Sets can be either ordered (sequential=true) or unordered (sequential=false). Furthermore, the require-all attribute can be used to switch between AND and OR logic.

5.5.1.1.2 Resource Sets for Colocation Constraints Without Dependencies

Sometimes it is useful to place a group of resources on the same node (defining a colocation constraint), but without having hard dependencies between the resources. For example, you want two resources to be placed on the same node, but you do not want the cluster to restart the other one if one of them fails. This can be achieved on the crm shell by using the weak bond command.

Learn how to set these weak bonds with your preferred cluster management tool:

5.5.1.2 For More Information

Learn how to add the various kinds of constraints with your preferred cluster management tool:

For more information on configuring constraints and detailed background information about the basic concepts of ordering and colocation, refer to the following documents. They are available at http://www.clusterlabs.org/doc/:

  • Pacemaker Explained, chapter Resource Constraints

  • Colocation Explained

  • Ordering Explained

5.5.2 Scores and Infinity

When defining constraints, you also need to deal with scores. Scores of all kinds are integral to how the cluster works. Practically everything from migrating a resource to deciding which resource to stop in a degraded cluster is achieved by manipulating scores in some way. Scores are calculated on a per-resource basis and any node with a negative score for a resource cannot run that resource. After calculating the scores for a resource, the cluster then chooses the node with the highest score.

INFINITY is currently defined as 1,000,000. Additions or subtractions with it stick to the following three basic rules:

  • Any value + INFINITY = INFINITY

  • Any value - INFINITY = -INFINITY

  • INFINITY - INFINITY = -INFINITY

When defining resource constraints, you specify a score for each constraint. The score indicates the value you are assigning to this resource constraint. Constraints with higher scores are applied before those with lower scores. By creating additional location constraints with different scores for a given resource, you can specify an order for the nodes that a resource will fail over to.

5.5.3 Resource Templates and Constraints

If you have defined a resource template (see Section 5.3.4, “Resource Templates”), it can be referenced in the following types of constraints:

  • order constraints,

  • colocation constraints,

  • rsc_ticket constraints (for Geo clusters).

However, colocation constraints must not contain more than one reference to a template. Resource sets must not contain a reference to a template.

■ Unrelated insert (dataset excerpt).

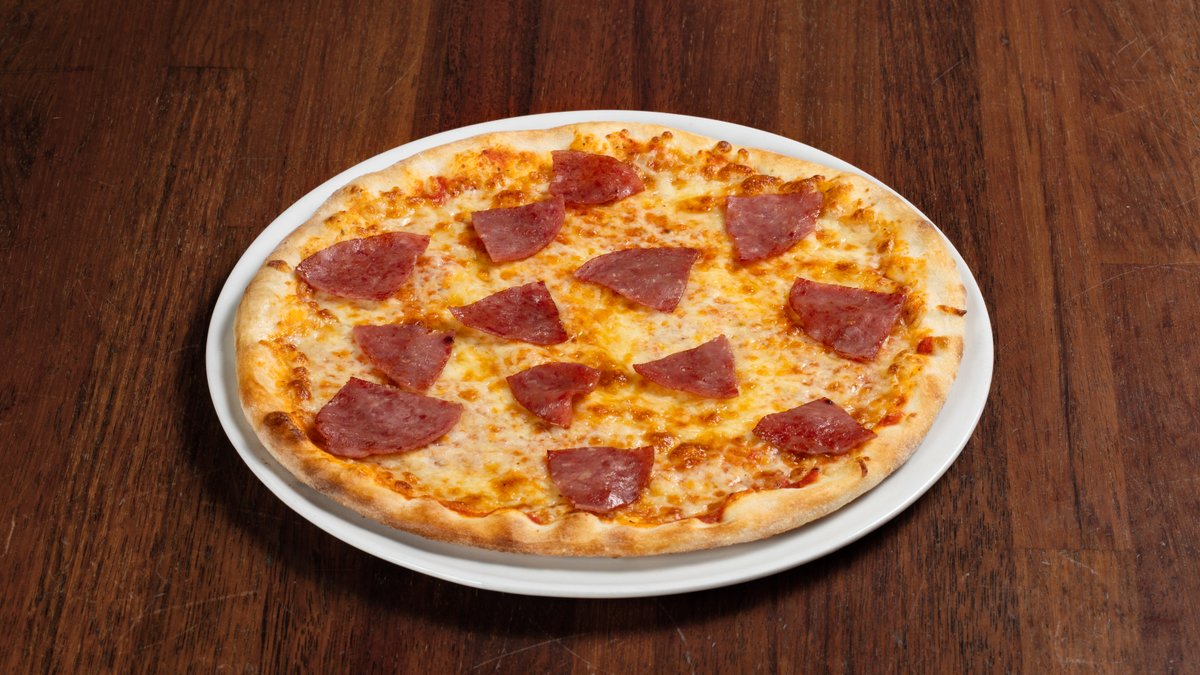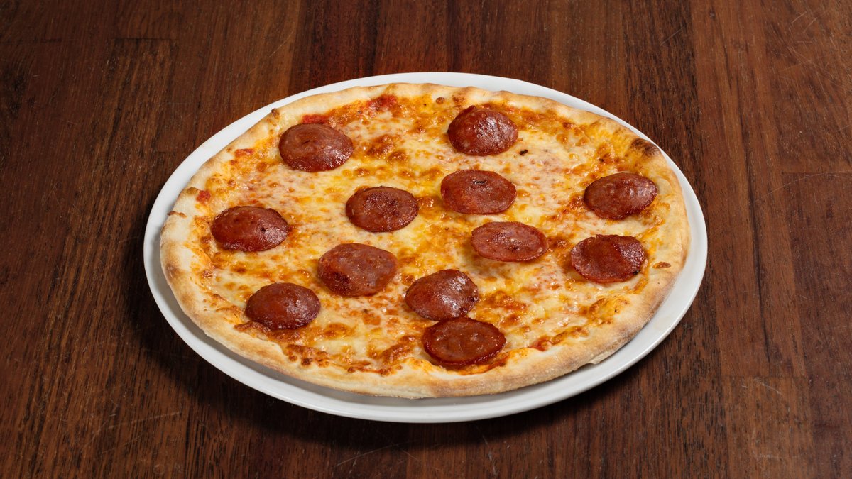 Pizza med tomatsaus, ost og pepperoni

Resource templates referenced in constraints stand for all primitives which are derived from that template. This means, the constraint applies to all primitive resources referencing the resource template. Referencing resource templates in constraints is an alternative to resource sets and can simplify the cluster configuration considerably. For details about resource sets, refer to Procedure 6.17, “Using a Resource Set for Constraints”.

5.5.4 Failover Nodes

A resource will be automatically restarted if it fails. If that cannot be achieved on the current node, or it fails N times on the current node, it will try to fail over to another node. Each time the resource fails, its failcount is raised. You can define a number of failures for resources (a migration-threshold), after which they will migrate to a new node. If you have more than two nodes in your cluster, the node a particular resource fails over to is chosen by the High Availability software.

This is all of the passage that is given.